Heavenly Sword (PS3)
Today's lesson, class: Tiny dress + big sword = tepid third-person action.
1/31/2008 12:00 AM | 0 Comments | Page 2 of 2
What's Hot: The game's undressed protagonist; The cut scenes; Three-stance combat system
What's Not: Sixaxis moments; Tedious battles; Odd pacing; Long load times
Scott Jones
Status: Coffee makes me feel 4-percent sexier.
Truth be told, Ninja Theory borrows much from Kratos' playbook. They're no fools. Even the way the game's bosses are dispatched, with square-square-up-triangle-down moves, is lifted straight from
God of War. And although
Heavenly Sword tries very hard mix things up a bit with sniper-centric levels starring the oddball Kai, or destroy-the-catapault-with-this-cannon levels, at heart, the game finally can't help but be evocative of
God of War, nor can it escape the long, ominous shadow of Kratos.
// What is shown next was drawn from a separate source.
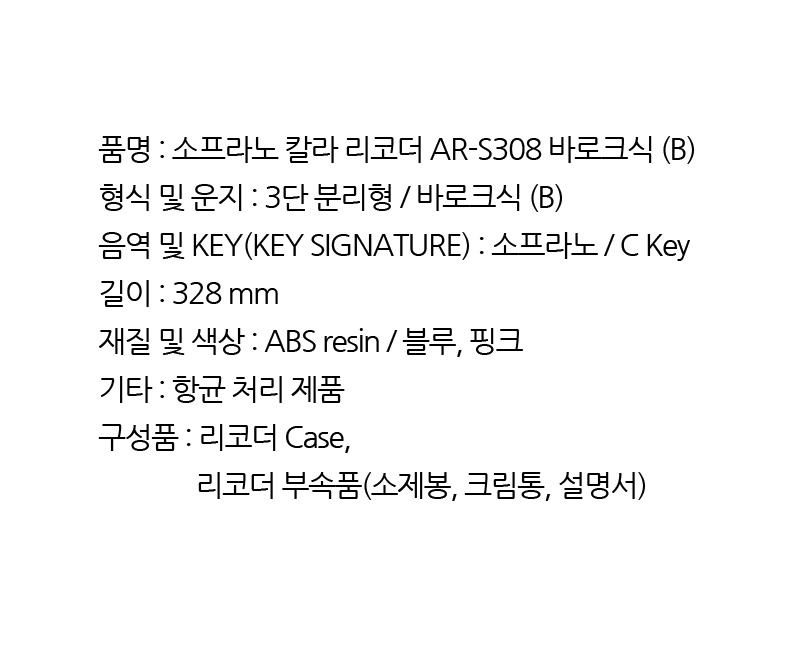 | 품명 및 모델명 | 엔젤악기 소프라노 리코더 AR-S308 바로크식 B |

All games of Heavenly Sword's ilk require button-mashing. After playing
God of War, the X-button on the office controller threatened to take out a restraining order against us. But in Kratos' superior game -- and it's impossible not to measure the two games against one another -- even in its most hectic moments, with enemies clogging the screen, every press of the X-button felt crisp, clean, and most importantly, purposeful.
The same simply cannot be said in
Heavenly Sword. We spent far too much of the game frantically alternating between the Square and Triangle buttons, putting calluses on our thumbs and hoping that the fight ultimately came out in Nariko's favor.
Sometimes it did. And sometimes it didn't.
There seemed to be a slight disconnect between what we were doing with the controller and what Nariko was doing onscreen. Sometimes she pulled off the most amazing feats, slaughtering enemies with the greatest of ease; other times, Nariko was knocked off her feet by a diminutive bad guy for some inexplicable reason.
Neither situation seemed to correlate one-to-one to what we were doing with the controller. And for a third-person action game, this kind of disconnect is the kiss of death.
We wanted to love
Heavenly Sword. And we tried. Oh, how we tried. Despite some genuinely remarkable cut scenes -- produced by Peter Jackson's Weta Digital in New Zealand, and directed by Andy Serkis (who also does King Bohan's voice acting) -- and some truly exciting moments, in the end
Heavenly Sword's muddled gameplay (which at times veers dangerously close to being tedious) and botched Sixaxis moments doom this once promising enterprise.
Nariko: We'll always have E3 2006, baby. No one can ever take that away from us.
This review is based on a retail copy provided by the publisher.